→ The data
------------------------------------------------------------
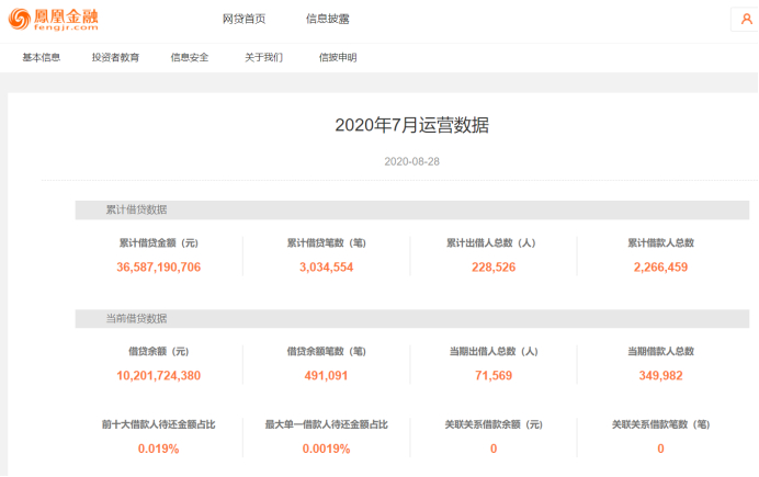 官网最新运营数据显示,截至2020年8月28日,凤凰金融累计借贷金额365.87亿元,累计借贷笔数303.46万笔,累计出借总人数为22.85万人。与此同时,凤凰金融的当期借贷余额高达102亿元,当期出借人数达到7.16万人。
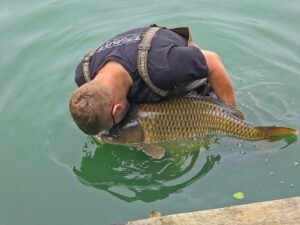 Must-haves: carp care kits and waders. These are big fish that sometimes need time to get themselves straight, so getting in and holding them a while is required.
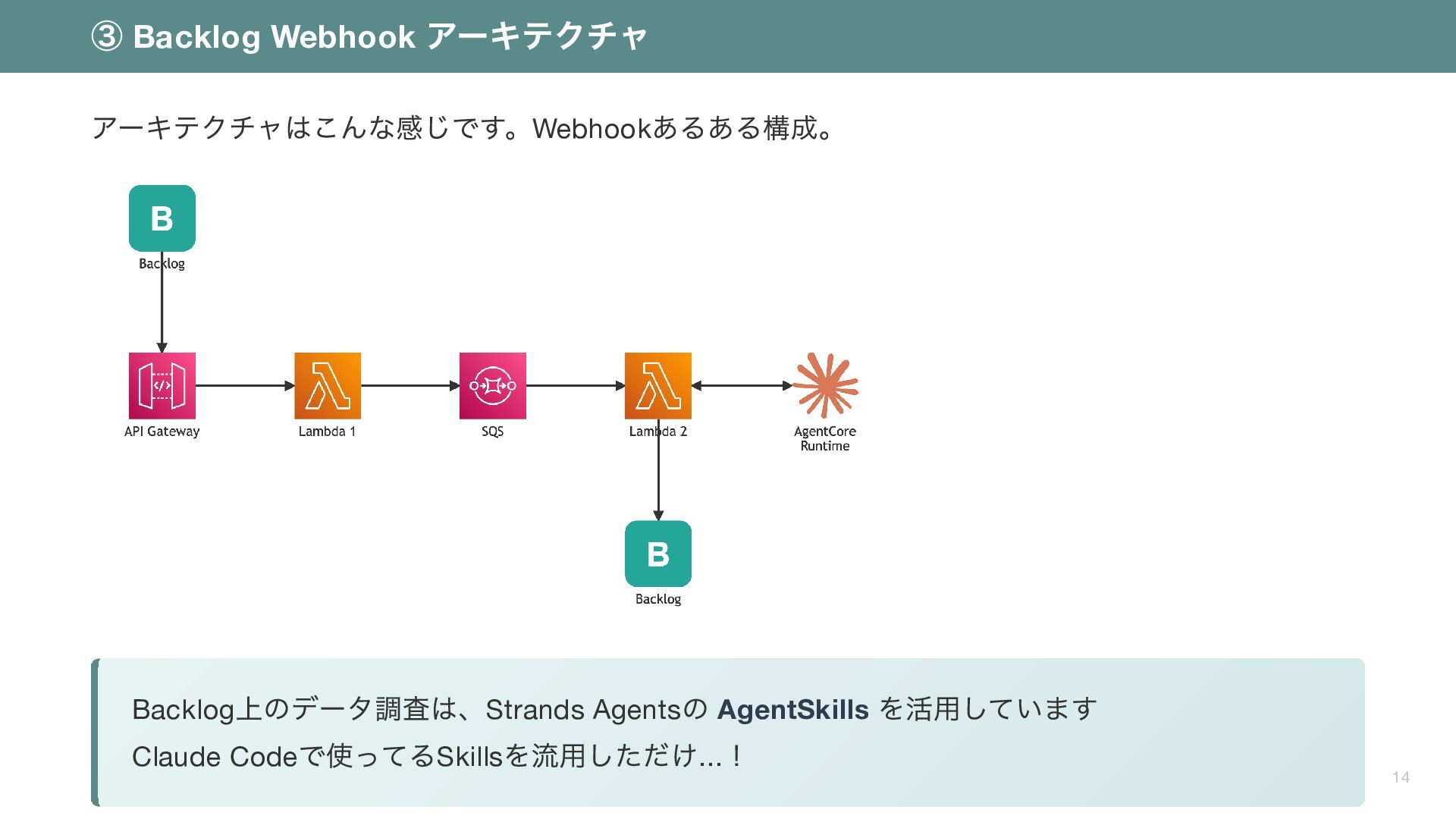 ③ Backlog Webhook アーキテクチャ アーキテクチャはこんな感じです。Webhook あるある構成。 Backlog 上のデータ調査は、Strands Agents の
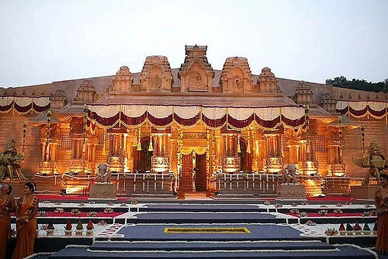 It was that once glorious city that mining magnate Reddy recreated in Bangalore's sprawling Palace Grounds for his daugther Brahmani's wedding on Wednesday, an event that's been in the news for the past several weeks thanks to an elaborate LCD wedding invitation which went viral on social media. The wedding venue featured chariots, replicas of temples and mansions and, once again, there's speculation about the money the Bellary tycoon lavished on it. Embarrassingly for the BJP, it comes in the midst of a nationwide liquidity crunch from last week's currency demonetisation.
------------------------------------------------------------
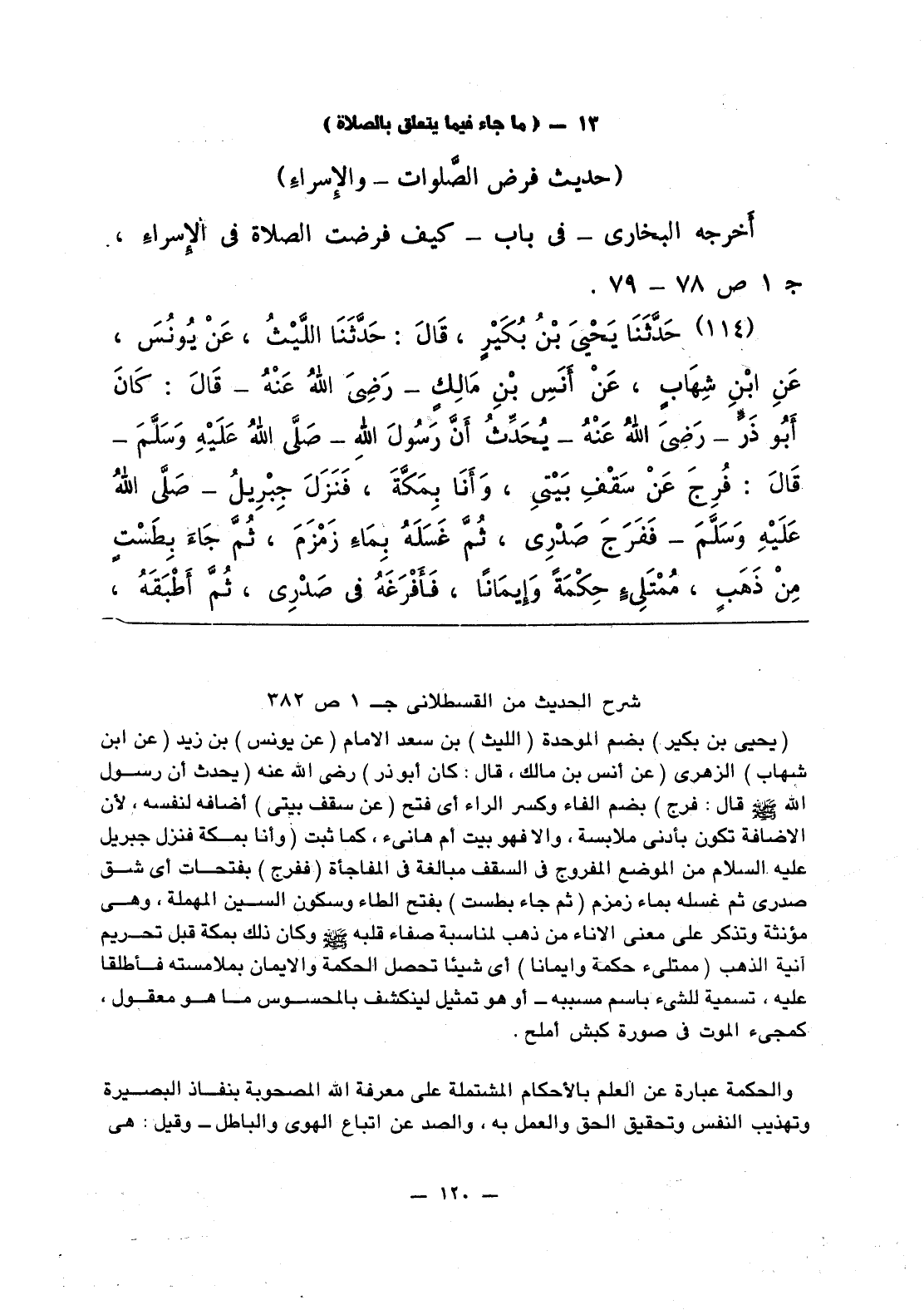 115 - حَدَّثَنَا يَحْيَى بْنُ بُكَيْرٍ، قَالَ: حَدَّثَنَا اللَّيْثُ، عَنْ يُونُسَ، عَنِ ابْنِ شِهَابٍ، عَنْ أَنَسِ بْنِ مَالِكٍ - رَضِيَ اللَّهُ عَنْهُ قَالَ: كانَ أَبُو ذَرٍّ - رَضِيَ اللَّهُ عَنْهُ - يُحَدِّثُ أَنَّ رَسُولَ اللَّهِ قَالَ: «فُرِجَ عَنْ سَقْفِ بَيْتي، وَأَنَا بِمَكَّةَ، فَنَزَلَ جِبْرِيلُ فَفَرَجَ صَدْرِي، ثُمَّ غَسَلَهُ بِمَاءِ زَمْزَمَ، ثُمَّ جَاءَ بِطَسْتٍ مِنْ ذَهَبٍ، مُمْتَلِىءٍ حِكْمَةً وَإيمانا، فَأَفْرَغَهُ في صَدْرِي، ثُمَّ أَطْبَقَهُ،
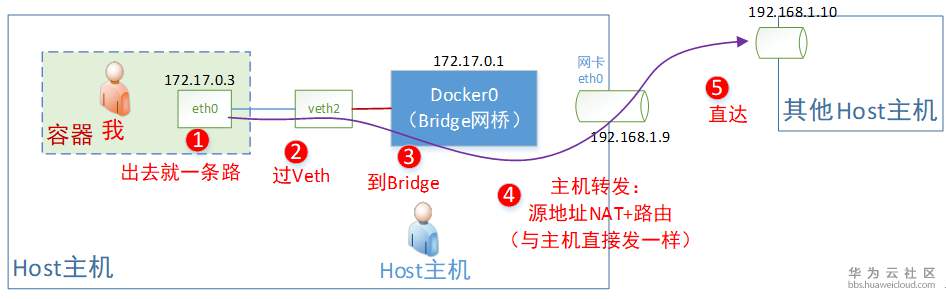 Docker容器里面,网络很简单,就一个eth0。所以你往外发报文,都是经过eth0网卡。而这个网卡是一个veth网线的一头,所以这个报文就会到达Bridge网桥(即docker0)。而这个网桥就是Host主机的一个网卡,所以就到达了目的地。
------------------------------------------------------------
Using the data above, return the lines from the one holding "Must-haves: carp care" through the one holding "③ Backlog Webhook" exactly, but not the pictures.

 Must-haves: carp care kits and waders. These are big fish that sometimes need time to get themselves straight, so getting in and holding them a while is required.
 ③ Backlog Webhook アーキテクチャ アーキテクチャはこんな感じです。Webhook あるある構成。 Backlog 上のデータ調査は、Strands Agents の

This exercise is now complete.